RECORDS SHOWN >>
-.-.-

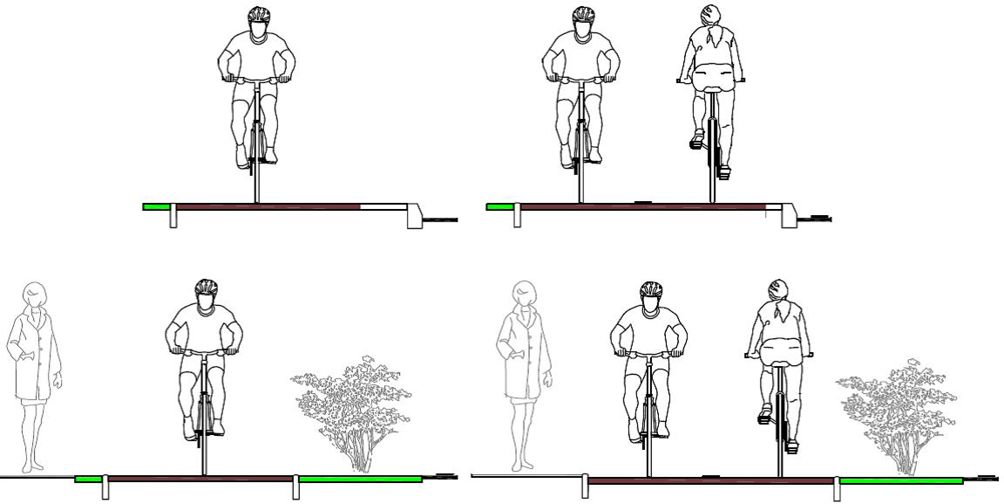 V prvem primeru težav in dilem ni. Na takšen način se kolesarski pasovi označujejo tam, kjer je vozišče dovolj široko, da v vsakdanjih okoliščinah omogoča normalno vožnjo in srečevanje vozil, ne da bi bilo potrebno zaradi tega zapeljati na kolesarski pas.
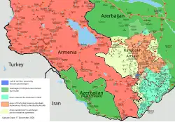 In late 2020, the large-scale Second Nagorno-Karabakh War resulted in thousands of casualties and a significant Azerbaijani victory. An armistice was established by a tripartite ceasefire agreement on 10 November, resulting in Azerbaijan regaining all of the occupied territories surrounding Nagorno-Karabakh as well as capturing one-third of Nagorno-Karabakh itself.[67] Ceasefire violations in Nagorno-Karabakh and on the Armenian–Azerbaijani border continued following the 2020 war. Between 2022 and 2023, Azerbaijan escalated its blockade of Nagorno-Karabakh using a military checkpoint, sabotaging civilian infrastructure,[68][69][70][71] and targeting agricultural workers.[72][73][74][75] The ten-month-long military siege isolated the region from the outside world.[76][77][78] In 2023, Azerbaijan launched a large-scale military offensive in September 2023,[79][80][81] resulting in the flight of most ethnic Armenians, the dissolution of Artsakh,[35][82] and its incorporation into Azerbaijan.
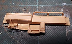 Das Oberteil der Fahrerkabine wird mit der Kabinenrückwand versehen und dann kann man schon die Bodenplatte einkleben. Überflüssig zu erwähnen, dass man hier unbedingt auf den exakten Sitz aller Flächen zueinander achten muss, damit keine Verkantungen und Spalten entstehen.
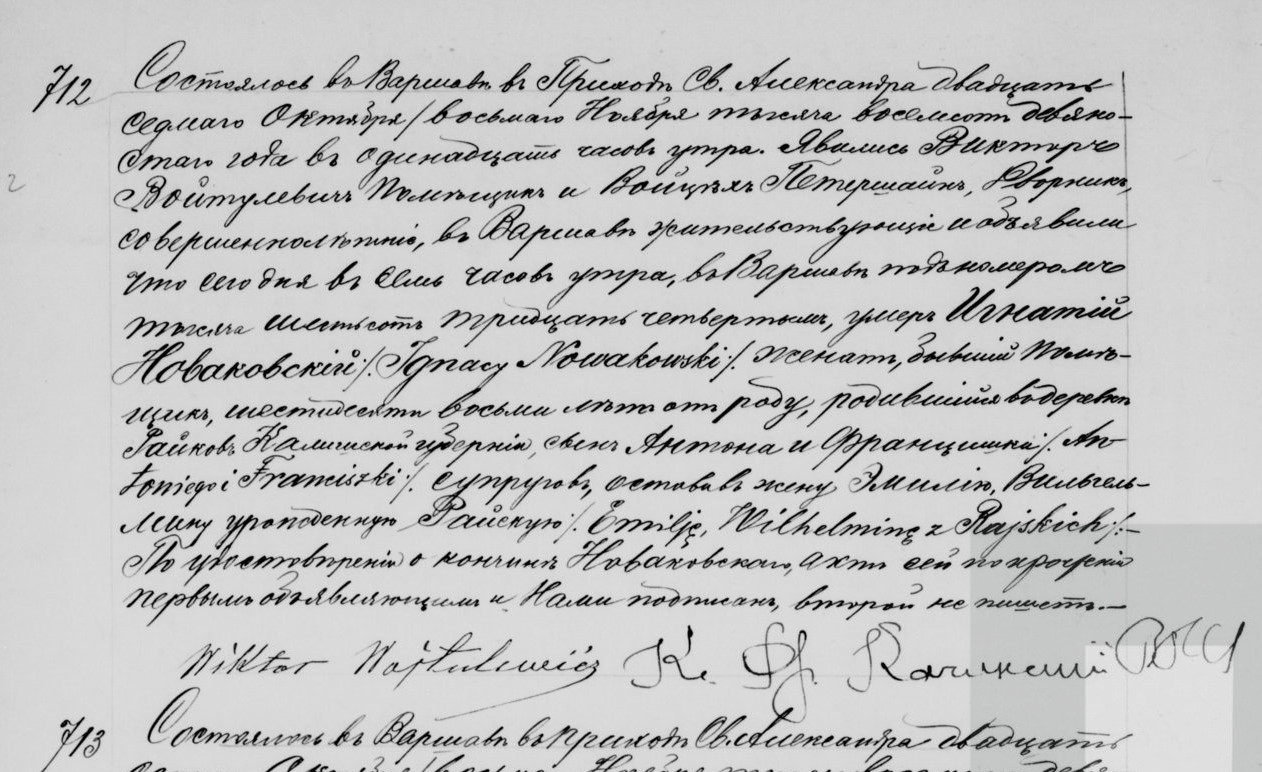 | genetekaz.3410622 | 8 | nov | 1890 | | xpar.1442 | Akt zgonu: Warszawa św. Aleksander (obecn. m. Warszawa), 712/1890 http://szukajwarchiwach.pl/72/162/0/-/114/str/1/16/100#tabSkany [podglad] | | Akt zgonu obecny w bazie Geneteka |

-.-.-

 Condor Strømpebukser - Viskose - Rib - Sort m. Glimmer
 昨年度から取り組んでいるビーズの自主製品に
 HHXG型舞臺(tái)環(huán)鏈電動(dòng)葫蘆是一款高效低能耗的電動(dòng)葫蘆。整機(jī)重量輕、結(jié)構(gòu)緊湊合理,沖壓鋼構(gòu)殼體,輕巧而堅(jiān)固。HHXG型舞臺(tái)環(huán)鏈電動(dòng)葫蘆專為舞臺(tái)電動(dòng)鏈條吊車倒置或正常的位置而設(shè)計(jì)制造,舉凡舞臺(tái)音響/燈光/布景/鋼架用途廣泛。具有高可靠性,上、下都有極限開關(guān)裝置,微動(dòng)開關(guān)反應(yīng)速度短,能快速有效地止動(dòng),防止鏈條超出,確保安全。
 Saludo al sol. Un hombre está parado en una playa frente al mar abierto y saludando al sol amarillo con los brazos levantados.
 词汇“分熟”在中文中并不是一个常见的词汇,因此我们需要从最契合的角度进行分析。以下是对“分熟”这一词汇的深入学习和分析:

-.-.-

THE TASK >> Every line above between the one containing "Das Oberteil der" and the one containing "bazie Geneteka |", those two included, is to be printed exactly. No pictures go into the copy.

RESPONSE TO THE EXERCISE >>
 Das Oberteil der Fahrerkabine wird mit der Kabinenrückwand versehen und dann kann man schon die Bodenplatte einkleben. Überflüssig zu erwähnen, dass man hier unbedingt auf den exakten Sitz aller Flächen zueinander achten muss, damit keine Verkantungen und Spalten entstehen.
 | genetekaz.3410622 | 8 | nov | 1890 | | xpar.1442 | Akt zgonu: Warszawa św. Aleksander (obecn. m. Warszawa), 712/1890 http://szukajwarchiwach.pl/72/162/0/-/114/str/1/16/100#tabSkany [podglad] | | Akt zgonu obecny w bazie Geneteka |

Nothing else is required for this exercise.